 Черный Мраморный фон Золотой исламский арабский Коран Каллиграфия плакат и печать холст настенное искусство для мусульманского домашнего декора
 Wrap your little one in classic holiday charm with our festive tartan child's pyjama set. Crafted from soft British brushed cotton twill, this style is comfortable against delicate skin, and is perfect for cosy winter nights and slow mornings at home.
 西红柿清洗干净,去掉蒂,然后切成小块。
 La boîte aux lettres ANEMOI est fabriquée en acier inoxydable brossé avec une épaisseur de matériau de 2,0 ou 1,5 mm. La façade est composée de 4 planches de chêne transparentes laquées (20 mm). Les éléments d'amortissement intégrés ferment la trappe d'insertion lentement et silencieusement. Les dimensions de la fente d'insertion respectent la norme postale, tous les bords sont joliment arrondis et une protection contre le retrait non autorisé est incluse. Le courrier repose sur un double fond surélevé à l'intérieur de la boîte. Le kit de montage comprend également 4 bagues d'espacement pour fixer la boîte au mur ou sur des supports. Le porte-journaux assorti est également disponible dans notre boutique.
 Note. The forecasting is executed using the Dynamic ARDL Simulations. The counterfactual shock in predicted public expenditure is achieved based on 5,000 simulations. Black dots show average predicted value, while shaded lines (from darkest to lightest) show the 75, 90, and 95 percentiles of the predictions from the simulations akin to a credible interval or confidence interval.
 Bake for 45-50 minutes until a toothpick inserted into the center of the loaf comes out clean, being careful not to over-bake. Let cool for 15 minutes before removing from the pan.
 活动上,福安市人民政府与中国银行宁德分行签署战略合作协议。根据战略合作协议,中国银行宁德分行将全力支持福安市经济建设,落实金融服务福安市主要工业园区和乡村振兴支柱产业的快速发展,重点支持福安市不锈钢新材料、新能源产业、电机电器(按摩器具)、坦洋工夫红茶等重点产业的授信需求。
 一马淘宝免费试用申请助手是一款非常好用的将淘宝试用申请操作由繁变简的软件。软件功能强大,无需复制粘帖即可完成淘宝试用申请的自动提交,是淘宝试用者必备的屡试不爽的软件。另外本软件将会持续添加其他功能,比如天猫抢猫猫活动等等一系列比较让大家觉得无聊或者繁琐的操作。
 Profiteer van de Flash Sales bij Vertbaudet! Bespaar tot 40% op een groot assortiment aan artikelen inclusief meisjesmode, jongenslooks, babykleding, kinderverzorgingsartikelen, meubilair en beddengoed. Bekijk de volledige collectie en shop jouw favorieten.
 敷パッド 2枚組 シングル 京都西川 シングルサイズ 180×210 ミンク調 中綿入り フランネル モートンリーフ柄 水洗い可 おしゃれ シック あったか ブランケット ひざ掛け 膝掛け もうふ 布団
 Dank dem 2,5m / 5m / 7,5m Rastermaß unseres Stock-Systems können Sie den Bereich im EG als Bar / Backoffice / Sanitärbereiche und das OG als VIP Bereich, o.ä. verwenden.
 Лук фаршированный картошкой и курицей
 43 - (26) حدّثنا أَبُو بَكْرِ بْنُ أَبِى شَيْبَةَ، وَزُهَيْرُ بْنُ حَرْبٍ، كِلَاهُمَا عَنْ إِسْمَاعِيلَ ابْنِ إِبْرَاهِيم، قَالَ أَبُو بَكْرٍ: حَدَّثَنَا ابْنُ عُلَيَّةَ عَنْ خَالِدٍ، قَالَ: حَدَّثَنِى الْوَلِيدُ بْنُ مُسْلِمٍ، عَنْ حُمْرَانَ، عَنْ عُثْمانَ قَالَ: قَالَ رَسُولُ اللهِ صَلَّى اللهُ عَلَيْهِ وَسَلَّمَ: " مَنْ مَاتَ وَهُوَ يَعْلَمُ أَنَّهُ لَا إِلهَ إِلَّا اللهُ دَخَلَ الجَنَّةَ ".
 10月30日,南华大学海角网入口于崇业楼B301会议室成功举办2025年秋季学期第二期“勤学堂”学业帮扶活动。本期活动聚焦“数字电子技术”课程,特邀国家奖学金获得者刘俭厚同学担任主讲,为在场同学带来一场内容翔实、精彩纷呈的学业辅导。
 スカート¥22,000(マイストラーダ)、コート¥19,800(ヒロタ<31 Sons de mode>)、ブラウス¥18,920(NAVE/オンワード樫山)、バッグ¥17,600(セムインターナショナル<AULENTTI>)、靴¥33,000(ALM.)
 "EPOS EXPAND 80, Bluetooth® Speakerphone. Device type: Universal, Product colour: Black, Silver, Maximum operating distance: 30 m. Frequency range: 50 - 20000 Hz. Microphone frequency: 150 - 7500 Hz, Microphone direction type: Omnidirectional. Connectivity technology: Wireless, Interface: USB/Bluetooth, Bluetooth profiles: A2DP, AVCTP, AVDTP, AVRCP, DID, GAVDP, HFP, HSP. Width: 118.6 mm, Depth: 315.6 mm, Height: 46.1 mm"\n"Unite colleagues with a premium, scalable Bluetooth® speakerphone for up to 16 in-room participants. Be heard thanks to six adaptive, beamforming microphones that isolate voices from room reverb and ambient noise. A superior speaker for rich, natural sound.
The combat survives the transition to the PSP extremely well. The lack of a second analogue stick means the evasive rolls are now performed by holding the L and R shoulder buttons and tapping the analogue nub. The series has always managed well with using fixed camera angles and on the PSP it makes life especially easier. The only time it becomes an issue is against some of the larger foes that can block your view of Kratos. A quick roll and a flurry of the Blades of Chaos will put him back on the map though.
=-=-=-=-=
Reproduce the data, keeping every line exactly the same.

Result:
 Черный Мраморный фон Золотой исламский арабский Коран Каллиграфия плакат и печать холст настенное искусство для мусульманского домашнего декора
 Wrap your little one in classic holiday charm with our festive tartan child's pyjama set. Crafted from soft British brushed cotton twill, this style is comfortable against delicate skin, and is perfect for cosy winter nights and slow mornings at home.
 西红柿清洗干净,去掉蒂,然后切成小块。
 La boîte aux lettres ANEMOI est fabriquée en acier inoxydable brossé avec une épaisseur de matériau de 2,0 ou 1,5 mm. La façade est composée de 4 planches de chêne transparentes laquées (20 mm). Les éléments d'amortissement intégrés ferment la trappe d'insertion lentement et silencieusement. Les dimensions de la fente d'insertion respectent la norme postale, tous les bords sont joliment arrondis et une protection contre le retrait non autorisé est incluse. Le courrier repose sur un double fond surélevé à l'intérieur de la boîte. Le kit de montage comprend également 4 bagues d'espacement pour fixer la boîte au mur ou sur des supports. Le porte-journaux assorti est également disponible dans notre boutique.
 Note. The forecasting is executed using the Dynamic ARDL Simulations. The counterfactual shock in predicted public expenditure is achieved based on 5,000 simulations. Black dots show average predicted value, while shaded lines (from darkest to lightest) show the 75, 90, and 95 percentiles of the predictions from the simulations akin to a credible interval or confidence interval.
 Bake for 45-50 minutes until a toothpick inserted into the center of the loaf comes out clean, being careful not to over-bake. Let cool for 15 minutes before removing from the pan.
 活动上,福安市人民政府与中国银行宁德分行签署战略合作协议。根据战略合作协议,中国银行宁德分行将全力支持福安市经济建设,落实金融服务福安市主要工业园区和乡村振兴支柱产业的快速发展,重点支持福安市不锈钢新材料、新能源产业、电机电器(按摩器具)、坦洋工夫红茶等重点产业的授信需求。
 一马淘宝免费试用申请助手是一款非常好用的将淘宝试用申请操作由繁变简的软件。软件功能强大,无需复制粘帖即可完成淘宝试用申请的自动提交,是淘宝试用者必备的屡试不爽的软件。另外本软件将会持续添加其他功能,比如天猫抢猫猫活动等等一系列比较让大家觉得无聊或者繁琐的操作。
 Profiteer van de Flash Sales bij Vertbaudet! Bespaar tot 40% op een groot assortiment aan artikelen inclusief meisjesmode, jongenslooks, babykleding, kinderverzorgingsartikelen, meubilair en beddengoed. Bekijk de volledige collectie en shop jouw favorieten.
 敷パッド 2枚組 シングル 京都西川 シングルサイズ 180×210 ミンク調 中綿入り フランネル モートンリーフ柄 水洗い可 おしゃれ シック あったか ブランケット ひざ掛け 膝掛け もうふ 布団
 Dank dem 2,5m / 5m / 7,5m Rastermaß unseres Stock-Systems können Sie den Bereich im EG als Bar / Backoffice / Sanitärbereiche und das OG als VIP Bereich, o.ä. verwenden.
 Лук фаршированный картошкой и курицей
 43 - (26) حدّثنا أَبُو بَكْرِ بْنُ أَبِى شَيْبَةَ، وَزُهَيْرُ بْنُ حَرْبٍ، كِلَاهُمَا عَنْ إِسْمَاعِيلَ ابْنِ إِبْرَاهِيم، قَالَ أَبُو بَكْرٍ: حَدَّثَنَا ابْنُ عُلَيَّةَ عَنْ خَالِدٍ، قَالَ: حَدَّثَنِى الْوَلِيدُ بْنُ مُسْلِمٍ، عَنْ حُمْرَانَ، عَنْ عُثْمانَ قَالَ: قَالَ رَسُولُ اللهِ صَلَّى اللهُ عَلَيْهِ وَسَلَّمَ: " مَنْ مَاتَ وَهُوَ يَعْلَمُ أَنَّهُ لَا إِلهَ إِلَّا اللهُ دَخَلَ الجَنَّةَ ".
 10月30日,南华大学海角网入口于崇业楼B301会议室成功举办2025年秋季学期第二期“勤学堂”学业帮扶活动。本期活动聚焦“数字电子技术”课程,特邀国家奖学金获得者刘俭厚同学担任主讲,为在场同学带来一场内容翔实、精彩纷呈的学业辅导。
 スカート¥22,000(マイストラーダ)、コート¥19,800(ヒロタ<31 Sons de mode>)、ブラウス¥18,920(NAVE/オンワード樫山)、バッグ¥17,600(セムインターナショナル<AULENTTI>)、靴¥33,000(ALM.)
 "EPOS EXPAND 80, Bluetooth® Speakerphone. Device type: Universal, Product colour: Black, Silver, Maximum operating distance: 30 m. Frequency range: 50 - 20000 Hz. Microphone frequency: 150 - 7500 Hz, Microphone direction type: Omnidirectional. Connectivity technology: Wireless, Interface: USB/Bluetooth, Bluetooth profiles: A2DP, AVCTP, AVDTP, AVRCP, DID, GAVDP, HFP, HSP. Width: 118.6 mm, Depth: 315.6 mm, Height: 46.1 mm"\n"Unite colleagues with a premium, scalable Bluetooth® speakerphone for up to 16 in-room participants. Be heard thanks to six adaptive, beamforming microphones that isolate voices from room reverb and ambient noise. A superior speaker for rich, natural sound.
The combat survives the transition to the PSP extremely well. The lack of a second analogue stick means the evasive rolls are now performed by holding the L and R shoulder buttons and tapping the analogue nub. The series has always managed well with using fixed camera angles and on the PSP it makes life especially easier. The only time it becomes an issue is against some of the larger foes that can block your view of Kratos. A quick roll and a flurry of the Blades of Chaos will put him back on the map though.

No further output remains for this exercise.